REQUIRED ACTION ::
Print the entries below exactly as they appear, from the first line up to and including the line with "Benutzerdefinierte Gesicht Pyjamas". Do not print any pictures.

(Saved entries)
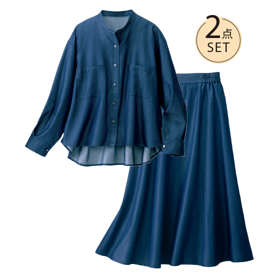 落ち感ですっきり細見えする、シャツ&フレアスカートのセットアップ。上下で着ると上品なワンピ見えし、単品使いでも大人のきれいカジュアルが完成。※春夏秋、3シーズンに着用できます。
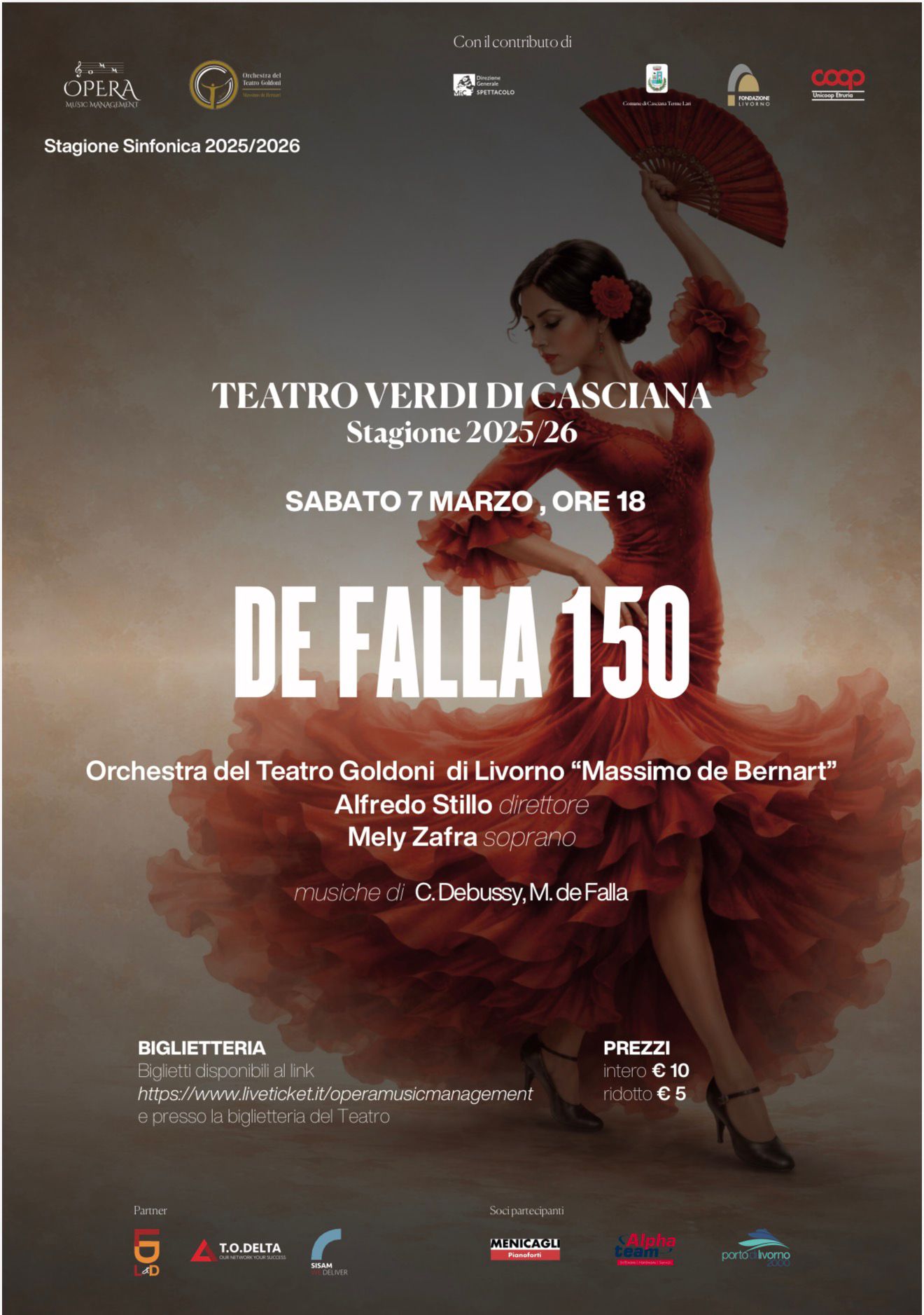 Un concerto all'insegna della musica spagnola per celebrare il più celebre compositore della scuola impressionista spagnola, l'Orchestra del Teatro Goldoni, guidata dal giovane talento Alfredo Stillo darà vita a meravigliose melodie lusitane con il supporto del Soprano spagnolo Mely Zafra
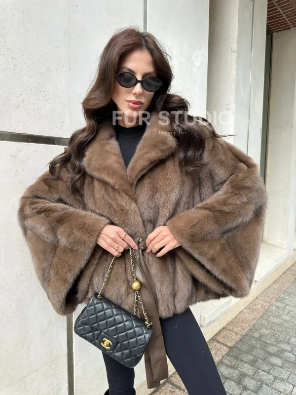 Мех данной шубы аукционная норка, цвет коричневый . Предлагается в размерах от 40 до 60 (oversize). Длина модели 60-65 см, что выгодно подчеркивает фигуру девушек. Эта модель идеально подойдет для девушек и женщин, предпочитающих роскошные натуральные меха.
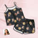 Benutzerdefinierte Gesicht Pyjamas Straps Schlafanzug Shorts Dessous Set Sommer Nachtwäsche mit Cookies
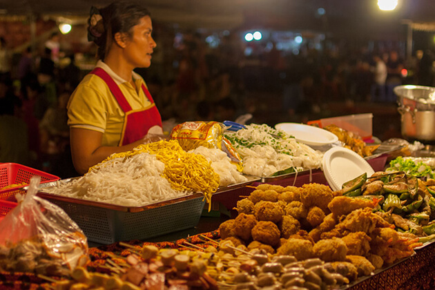 When living a nightlife in Cambodia and visiting the famous night markets of Phnom Penh and Siem Reap, you will enjoy thousands of street food from many countries around the world. Chinese, Japanese, Korean, Thai, European, and Vietnamese cuisines are easily found in this area. In Siem Reap, you can find these dishes along the riversides or in Pub Street. In Phnom Penh, you can enjoy attractive food at the night markets, the back street, or the riverfront area in front of the Royal Palace. In addition to foreign dishes, there are many traditional Cambodian dishes such as Bai Sach Chrouk, Kuy Teav, Amok, ... at reasonable prices.
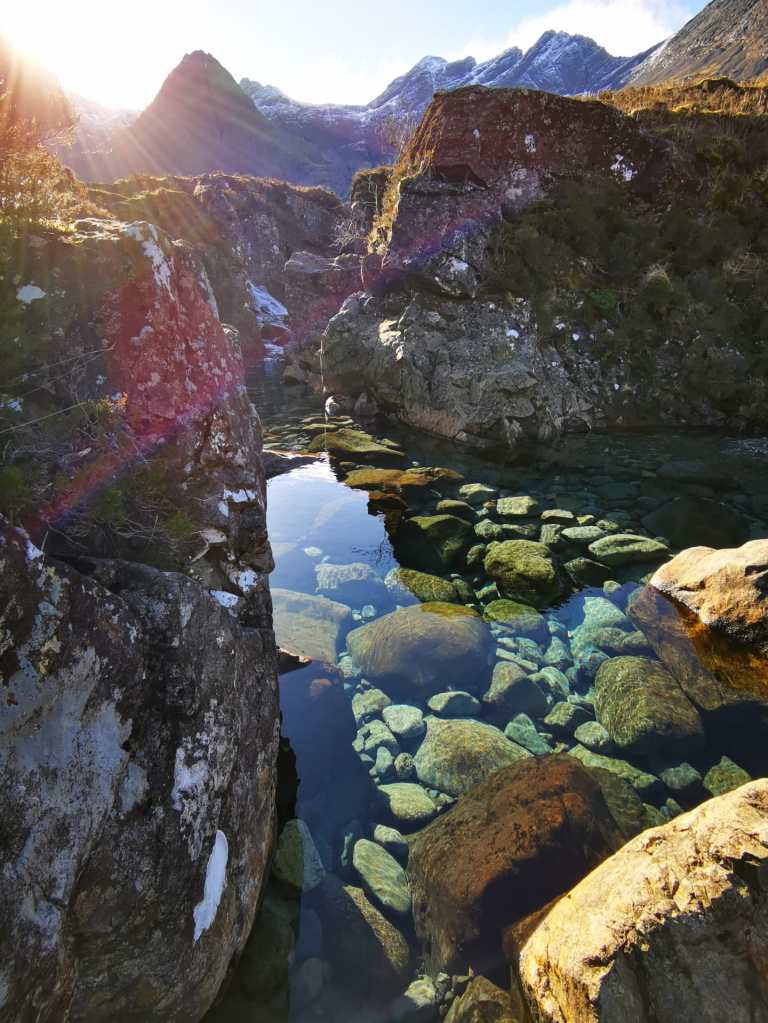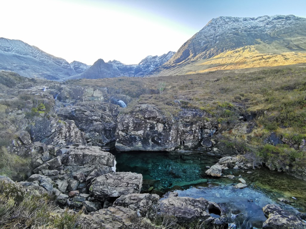 Dan heb je nog de Fairy Pools. Een mooie wandeling vanuit Glenbrittle brengt je langs verschillende kristalheldere natuurlijke poeltjes, gevoed door een reeks kleine watervallen die ontspringen in het Cuillin gebergte. Het is een prachtig en spectaculair zicht, maar je moet met enkele dingen rekening houden: ga enkel bij mooi weer, dan reflecteert de zon in het water en komt het natuurlijke aquamarijn van het water het best naar boven. Ook is de wandeling bij zware regenval veel moeilijker, want je moet op een paar punten een klein riviertje oversteken. Als het droog is, is dit prima te doen door de stepping stones in het water.
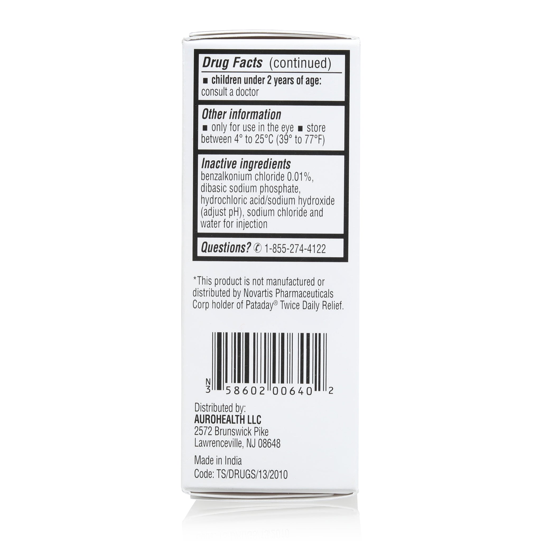 Use Aurohealth's Olopatadine Hydrochloride Ophthalmic Solution and say goodbye to itchiness caused by allergies! This eye allergy solution works to relieve itchiness caused by various types of allergens such as pet dander, pollen, grass, and ragweed. Compare to the active ingredient in Pataday Twice Daily Relief.
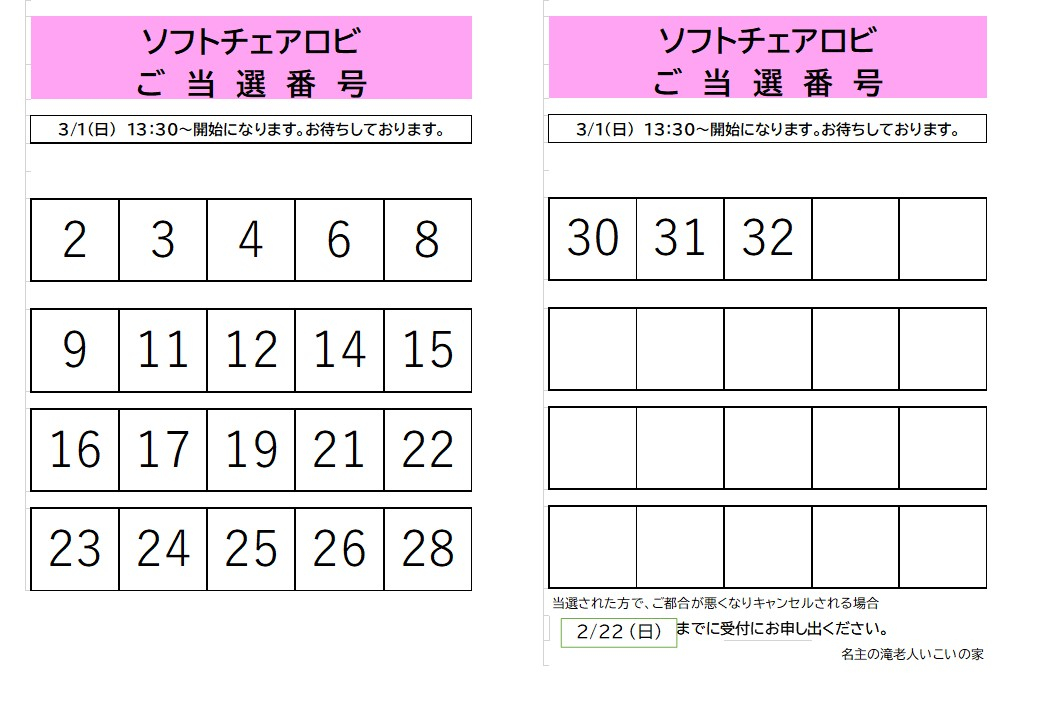 2026.02.15 お知らせ 【当選発表】「ソフトチェアロビ」抽選結果のお知らせ Tweet シェアする 3月開催「ソフトチェアロビ」の抽選結果を発表させていただきます。 お申込みされた方は、ご確認をお願いいたします。 ご参加お待ちしています。 前の記事 2026.02.15 お知らせ 桜のスワッグ講座の様子です 次の記事 2026.02.12 お知らせ 【当選発表】「可愛いポニー」抽選結果のお知らせ 一覧へ戻る

TASK SOLUTION ::
 落ち感ですっきり細見えする、シャツ&フレアスカートのセットアップ。上下で着ると上品なワンピ見えし、単品使いでも大人のきれいカジュアルが完成。※春夏秋、3シーズンに着用できます。
 Un concerto all'insegna della musica spagnola per celebrare il più celebre compositore della scuola impressionista spagnola, l'Orchestra del Teatro Goldoni, guidata dal giovane talento Alfredo Stillo darà vita a meravigliose melodie lusitane con il supporto del Soprano spagnolo Mely Zafra
 Мех данной шубы аукционная норка, цвет коричневый . Предлагается в размерах от 40 до 60 (oversize). Длина модели 60-65 см, что выгодно подчеркивает фигуру девушек. Эта модель идеально подойдет для девушек и женщин, предпочитающих роскошные натуральные меха.
 Benutzerdefinierte Gesicht Pyjamas Straps Schlafanzug Shorts Dessous Set Sommer Nachtwäsche mit Cookies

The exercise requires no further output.